Yale University Press
ISBN 0-300-09531-7
I had a good feeling about this book from the moment I read about it. Vast claims are routinely made for the powers of intuition, and those pleased by its results insist that it constitutes a mode of knowing equalling if not excelling that of science, with its tedious observations and bewildering calculations, and usually preferable. Hence an up-to-date account of experiments showing the pitfalls of human judgment is more than welcome.
Of course, as Myers spells out, we’d be lost without intuition. Natural selection has favoured the quick-witted during all those millennia when articulacy and numeracy were not available to us.
However, with the wisdom of hindsight, a faculty well-diagnosed in this book, I can now see a troubling pattern emerging. There seemed to be rather a lot of biblical quotations, and C. S. Lewis popped up a bit too often.

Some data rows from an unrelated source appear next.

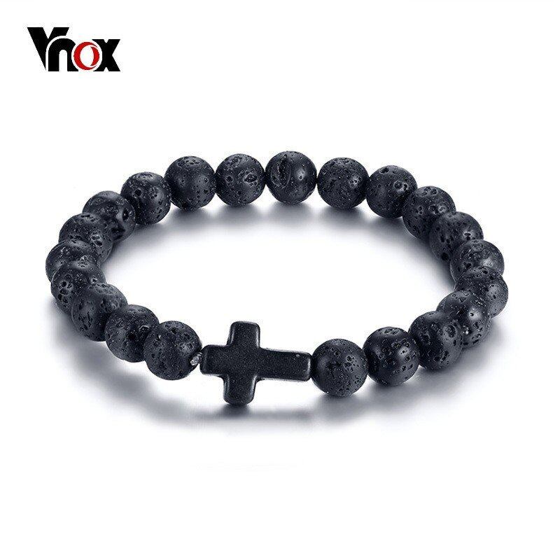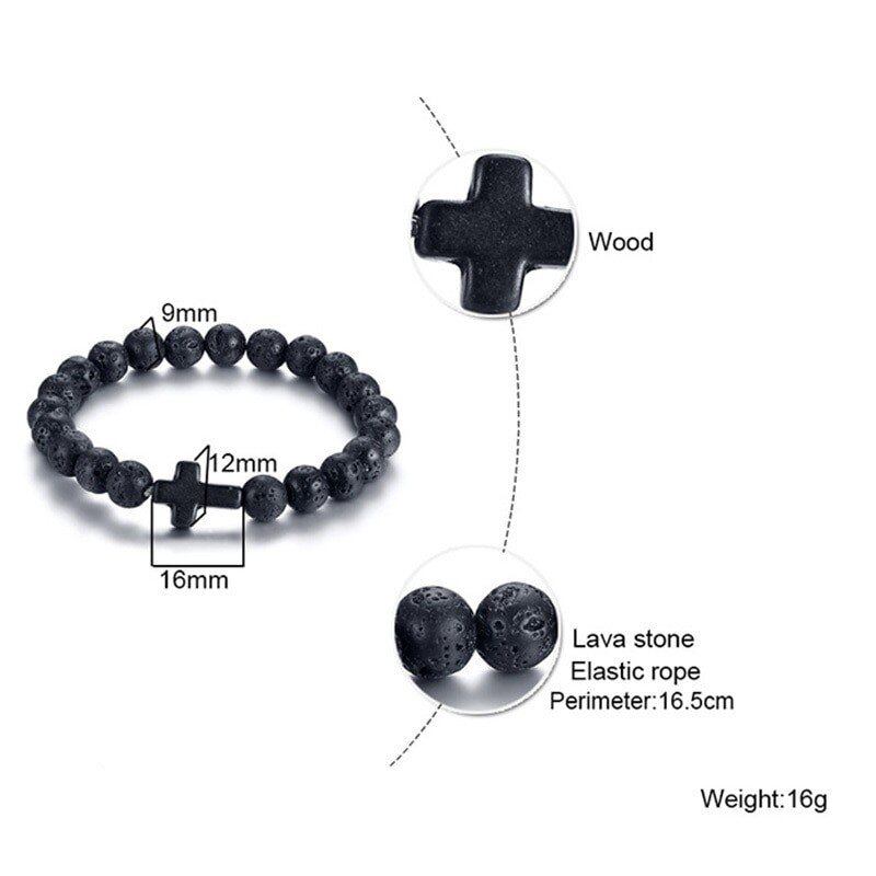 火山 エネルギー 溶岩 石 ブラック 赤 レッド ウッド クロス チャーム ブレスレット レディース メンズ ヨガ ビーズ ユニセックス ストレッチ ブレスレット
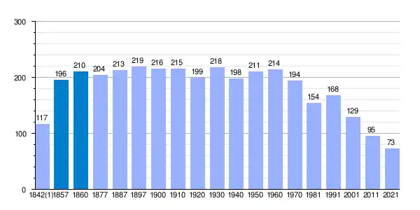 Su evolución refleja que durante las primeras décadas del siglo pasado la población estaba estabilizada en torno a los 200 habitantes, salvo en la década de 1940. En 1900 la población era de 220 personas, prácticamente la misma que en la década 50-60. A partir de esta fecha va disminuyendo, en 1991 tenía 168 habitantes, en 2001 eran 129 y en el último censo de 2010 ya solo 103.
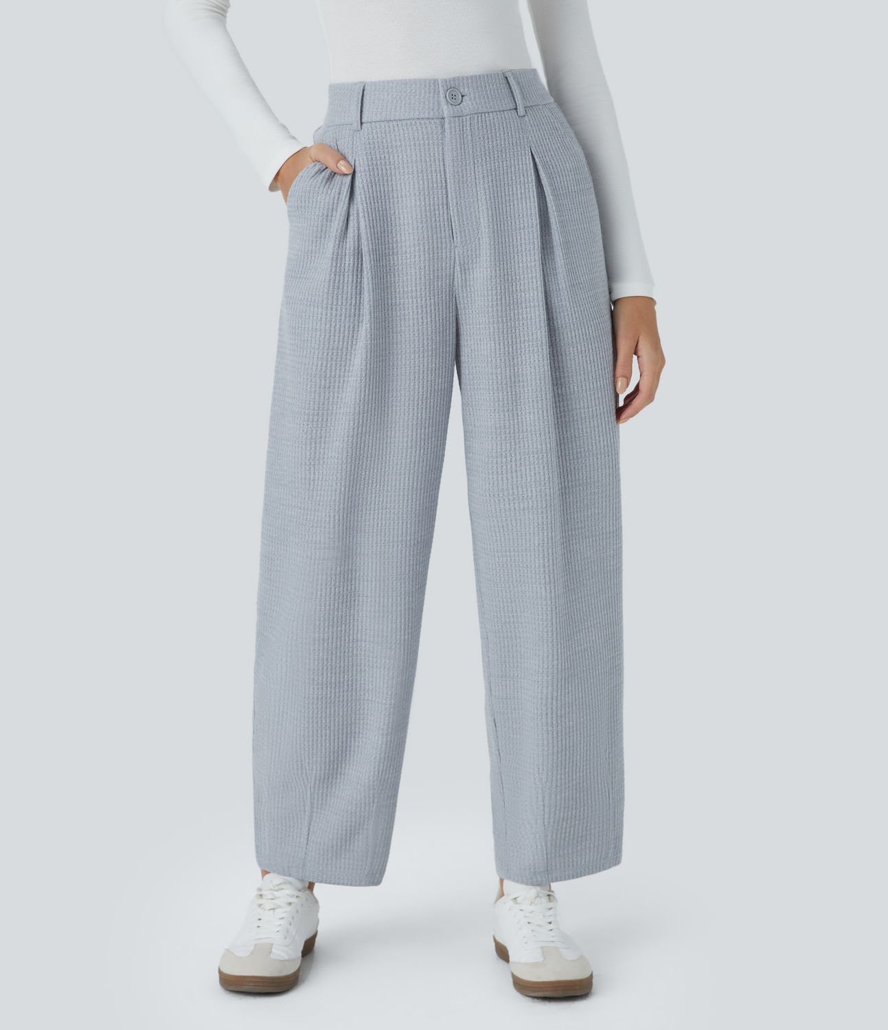 Pantalon décontracté en maille gaufrée taille moyenne avec bouton, fermeture éclair et poches multiples
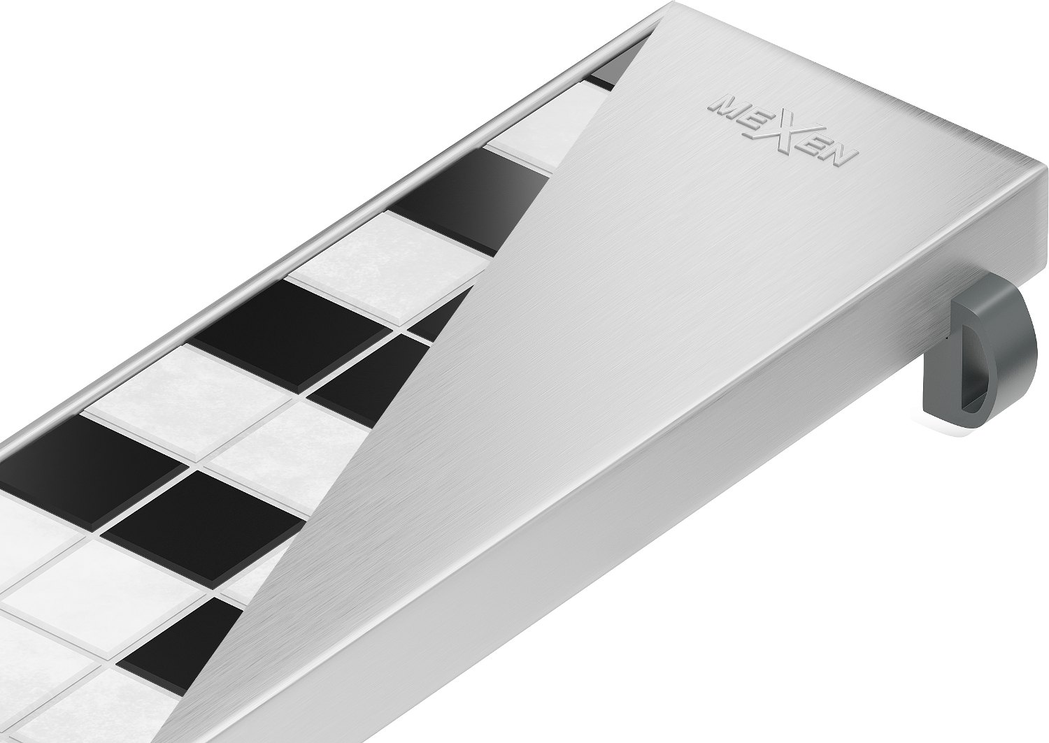 Tweedelige afdekplaat met de mogelijkheid om op elk moment te draaien, waardoor de inrichting kan worden veranderd. Aan de ene kant is er glad roestvrij staal, na omdraaien kan de afdekplaat worden ingebouwd met tegels om een verbinding met de vloer te creëren.
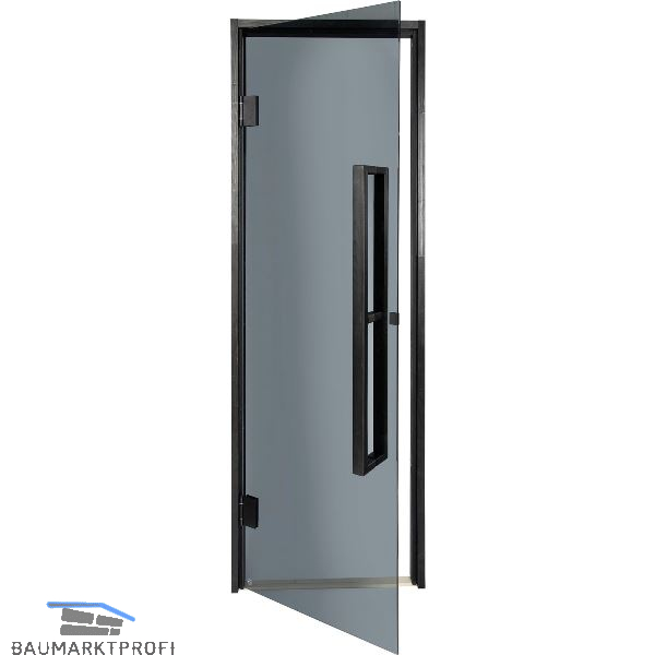 Marke: Harvia Type: DS80B-3GS-590 Außenmaß (mm): 1960 x 650 x 80 Glasstärke (mm): 8 Ausführung: Grauglas ohne Schwelle Türanschlag: links oder rechts
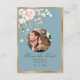 Photo Blue Rosa Blommigt Watercolor Bröllop Spara Datumet
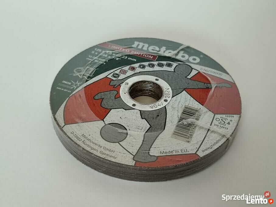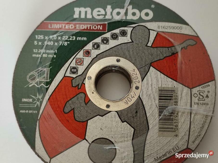 TYLKO WYSYŁKA: *Poczta Polska list ekonomiczny 6,50 list priorytetowy 8.50 *Paczkomat 15-18złMETABO TARCZA TNĄCA INOX DO STALI 22,23x125mm Cechy produktu: Uniwersalna tarcza do obróbki stali / stali nierdzewnej. Niska zawartość żelaza, siarki i chloru (Fe + S + Cl <= 0,1%) Dobra wydajność skrawania przy dobrej trwałości narzędzia, niskim zużyciu materiału, energooszczędności, niewielkim obciążeniu maszyny Tarcza tnąca z certyfikatem OSA Dane techniczne: Średnica tarczy 125 mm Średnica otworu 22.23 mm Grubość 1 mm Kształt prosta Maks. prędk. obrot. 12200 obr./min.

My conscious mind discounted these signs in the race for the final (13th) chapter on Psychic Intuition. There we find a decent summary of the failure of parapsychology to come up with any evidence for psychic claims after thousands of tests. Then, right at the end, comes a really disappointing straw-man argument that we should credit people who make a leap of faith, betting their lives “on a humble spirituality, on an alternative to purposeless scientism, gullible spiritualism, and dogmatic fundamentalism.”
These are people who, according to psychologist Robert Emmons, “perceive a reality that transcends the material and physical”. They seem to include, for Myers, that vile obscurantist, Mother Teresa (exposed in Christopher Hitchens’ The Missionary Position, 1995).
If only the author had pondered the intuitionist sins of belief perseverance, availability and illusory correlation in respect of spiritual world-views, and made more of the counter-intuitive insights of Darwinism, we could have ended on a more constructive note.